Bcachefs is the file-system born out of the Linux kernel's block cache code and has been worked on the past several years by developer Kent Overstreet. Our most recent benchmarking of Bcachefs was last year, so with the prospects of Bcachefs potentially being staged soon in the mainline Linux kernel, I ran some benchmarks using the latest kernel code for this next-generation file-system.
Those unfamiliar with this copy-on-write file-system can learn more at Bcachefs.org. The design features of this file-system are similar to ZFS/Btrfs and include native encryption, snapshots, compression, caching, multi-device/RAID support, and more. But even with all of its features, it aims to offer XFS/EXT4-like performance, which is something that can't generally be said for Btrfs.

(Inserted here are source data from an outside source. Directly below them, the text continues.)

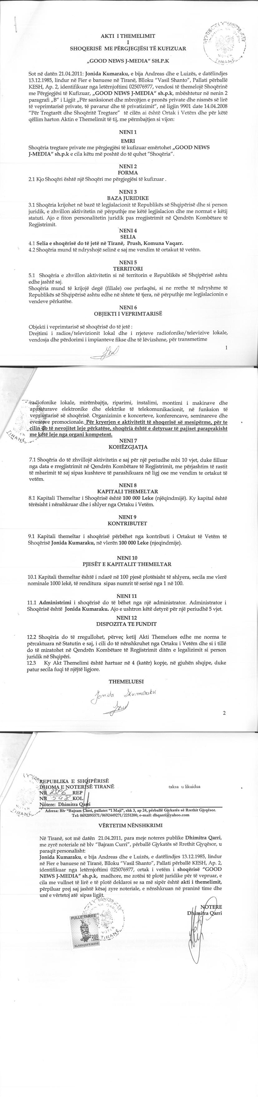 | Objekti i Veprimtarisë: | Drejtimi i radios/televizionit lokal dhe i rrjeteve radiofonike/televizive lokale, vendosja dhe perdorimi i impianteve fikse dhe te levizshme, per transmetime radiofonike dhe televizive lokale, mirembajtja, riparimi instalimi, montimi i makinave dhe aparaturave elektronike dhe elektrike te telekomunikacionit, ne funksion te veprimtarise se shoqerise. |
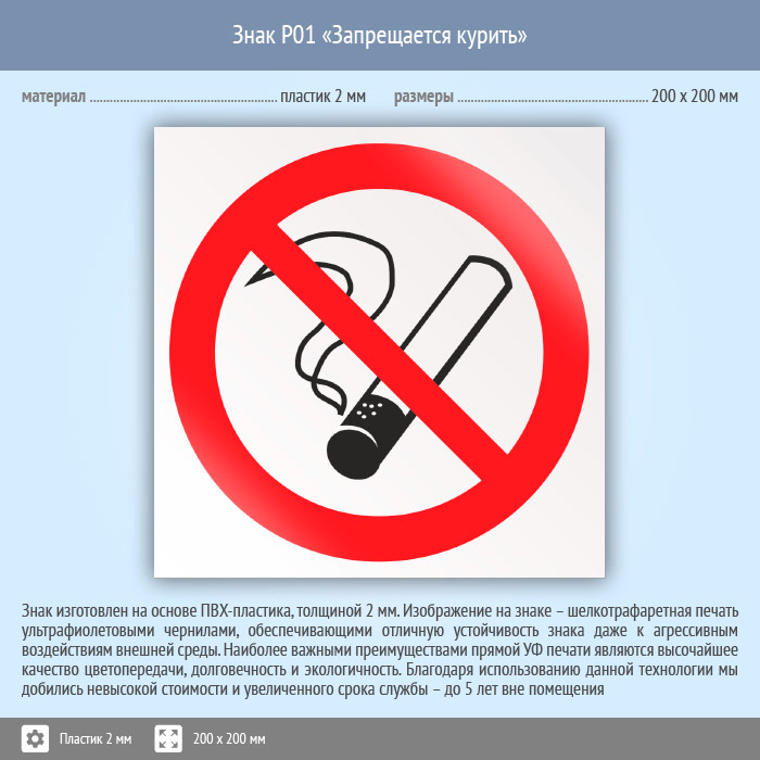 Знак P01 «Запрещается курить» (пластик, 200х200 мм) в Улан-Удэ купить
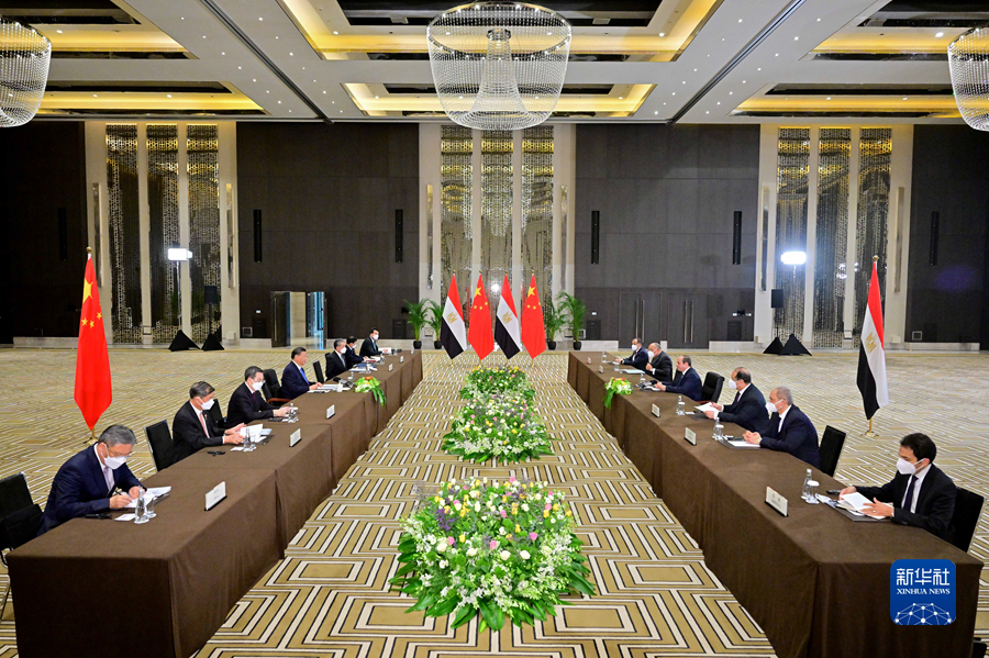 習(xí)近平強(qiáng)調(diào),中方堅定支持埃及走符合自身國情的發(fā)展道路,堅定支持埃及維護(hù)國家主權(quán)、安全、發(fā)展利益,愿同埃方深化共建“一帶一路”合作,推動如期高質(zhì)量建成“齋月十日城”市郊鐵路和新行政首都中央商務(wù)區(qū),實施好“中埃蘇伊士經(jīng)貿(mào)合作區(qū)”等重大合作項目。中方愿從埃及進(jìn)口更多優(yōu)質(zhì)產(chǎn)品,擴(kuò)大投融資、疫苗聯(lián)合生產(chǎn)、航天等領(lǐng)域合作。雙方要推進(jìn)魯班工坊和中文教學(xué),培養(yǎng)更多中埃友好的使者。中方愿同埃方以首屆中阿峰會為契機(jī),攜手構(gòu)建中阿命運共同體,就落實中非合作論壇“九項工程”加強(qiáng)對接。中方祝賀埃及成功舉辦聯(lián)合國氣候變化沙姆沙伊赫大會,愿在能源轉(zhuǎn)型、綠色產(chǎn)業(yè)、低碳技術(shù)等方面加強(qiáng)交流合作。中方愿同埃方加強(qiáng)在聯(lián)合國等多邊平臺合作,倡導(dǎo)真正的多邊主義,維護(hù)國際關(guān)系基本準(zhǔn)則,維護(hù)發(fā)展中國家共同利益,共同促進(jìn)世界和地區(qū)和平穩(wěn)定。

Bcachefs in its current state was benchmarked against EXT4/XFS/Btrfs/F2FS/ZFS with each file-system being tested with its default mount options and done using an Intel Optane 900p 280GB NVMe solid-state drive. This was done from an AMD Ryzen Threadripper 2990WX system with ASUS ROG ZENITH EXTREME motherboard, 4 x 8GB DDR4-3200 memory, and running Ubuntu 19.04 but with moving to the Linux 5.2 mainline kernel and Kent's latest Bcachefs/Bcachefs-tools trees built as of last week.
Via the Phoronix Test Suite a wide range of storage benchmarks were carried out across these Linux file-system options. Once Bcachefs is mainlined, tests on multiple storage devices will be carried out.